Не желая раньше времени выдавать свои способности, я сделал вид, что достаю фотографию из кармана. На самом же деле я создал бумагу с изображением боблина-полковника.
— Да, это Алоизий Цельс, — подтвердил Прохор Никанорович. — Давно я его не видел. Он здорово постарел.
Я не стал говорить, что создал изображение Цельса по памяти, и оно могло не вполне соответствовать оригиналу. Я сделал вид, что достаю из кармана еще одну фотографию:
— Полковник Треск тоже вам знаком?
— Конечно! Мы же все вместе служили в Штурмовом Отряде. С Егорием Треском мы до сих пор иногда встречаемся.
— Вот как… — пробормотал я, радуясь тому, что знакомство с Прямовым поможет мне выйти на след моих врагов.
Я по-новому взглянул на кажущегося простым деревенским жителем Прохора Никаноровича. Народная мудрость гласила: «Скажи мне, кто твой друг, и я скажу, кто ты». Человек, имеющий таких друзей, как Цельс и Треск, мог представлять для меня опасность. И еще я вспомнил, что сотрудники НКВД, обладающие важной информацией, могут самоликвидироваться даже вопреки собственному желанию, как это произошло с Прогнутием Проскочеевым. Беседу с таким важным свидетелем, как Прохор Никанорович Прямов, следовало вести максимально осторожно.
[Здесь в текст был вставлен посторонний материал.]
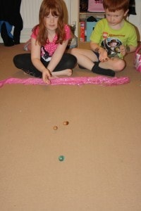 Gently throw a marble or something similar into the middle of the floor and then everyone has to throw their Malteser as close to the marble as possible. We did use a Malteser instead of a marble at first but there was a bit of confusion as to which was the marble Malteser and which was the Malteser Malteser if you know what I mean.

Сам же Прохор Никанорович, сделав несколько глотков коньбыка, продолжил рассказ:
— Так вот, Алоизий Цельс еще во времена Уравнителей говорил, что не все спецслужбы Империки и Еропки желают нанести вред Колоссии. Он утверждал, что имеются враги, общие для всей нашей цивилизации: террористы и те, кого он называл просто «опасными элементами». Я тогда удивлялся, что Цельса не изгоняют из НКВД за подобные высказывания. Поначалу я считал, что это из-за того, что он — боблин. Потом его перевели из Штурмового Отряда в особое международное подразделение НКВД. А вскоре на одной из тренировок нашего отряда появилось несколько боблинов в колосской военной форме. Но они говорили на колосском языке с легким акцентом. Нам сообщили, что это сотрудники одной секретной спецслужбы из Империки, приехавшие в Колоссию для обмена опытом и для координации возможных совместных операций. Так я узнал, что Внутренняя Дружина участвует в неких тайных международных проектах. Тогда я еще не понимал одной простой вещи: НКВД не защищает Колоссию от всех внешних и внутренних врагов, не служит колосскому народу и Уравнительной церкви. На самом деле НКВД охраняет и оберегает собственную власть в стране. Враги Колоссии только тогда становятся врагами НКВД, когда начинают претендовать на ее власть. И те, кто желает Колоссии добра, но не хочет подчиняться Внутренней Дружине, тоже становится ее врагом.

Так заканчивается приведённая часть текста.